CreativeTrail | Devpost

Final grading output
text editor environment + debugger tools for during development stage
user prompted with a question.

Inspiration

Chris and I recall not enjoying having to go to after school math classes. But realized that today we thank our parents for putting us in it, even sometimes wishing we were more cooperative. We realized that many kids of all ages including college students have an incentive to cheat using AI as it usually results in a better grade and less effort, this hinders them long term and is unsustainable when it comes to exams. We decided to change the incentive by changing what we grade, instead of grading the final result we grade the process.

What it does

Our solution focuses solely on essay writing at the moment. A student answers an essay prompt in our text editor and while writing the essay throughout all its revision stages the student is prompting with thoughtful questions. The goal of these questions is to identify the students knowledge of their own paper and how they perform on 5 key indicators (Idea Generation, Depth of Analysis, Source integration, conceptual linking, intellectual risk taking).

How we built it

We built it using these main languages: python, TypeScript, SQL/prisma schema language, json/jsonl. Python is what is mainly used to train the supervised learning model it handles the classifier, feature extraction, routing logic, model inference, calibration, and bridge script.

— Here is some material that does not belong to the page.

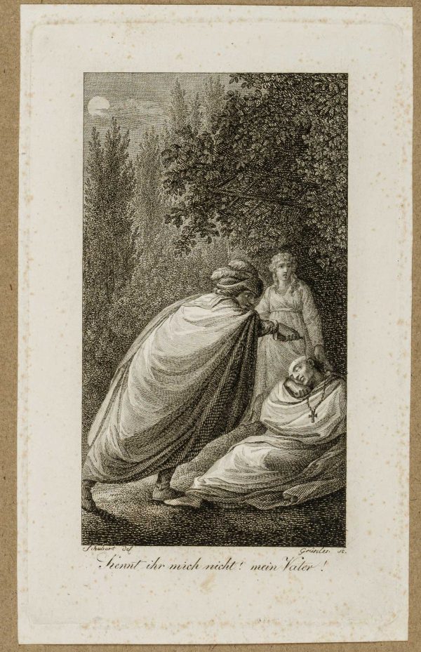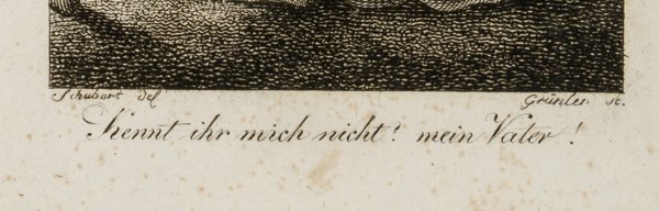 - Inscription: Signed “Schubert del” on the lower left and “Grünler sc.” on the right. Inscribed below with “Don’t you know me! my father!”.

The front end uses mainly TypeScript, runs app logics, calls the python bridge, handles prompting, logging, reporting, the debug UI, and API routes. JSON/JSONL is used a lot for configs, datasets, labels, model artifacts, runtime logs, and reports.

Challenges we ran into

The supervised learning took longer to train than expected + was inaccurate at first solve this by having a fall back and confidence scoring.
We started using heuristics but realized they aren't accurate enough to detect semantics.
Struggled defining the 5 categories/indicators and how/what type of questions to ask.
Working with AI and trying to avoid drift. We used spec files to keep it on track.
Question outputs repeating. we needed to make sure we covered all 5 categories with the questions asked to ensure fair grading. On the one hand we wanted the most relevant question on the stack to be asked on the other we didn't want questions repeated. We solved that by ignoring a question if its category had already been addressed.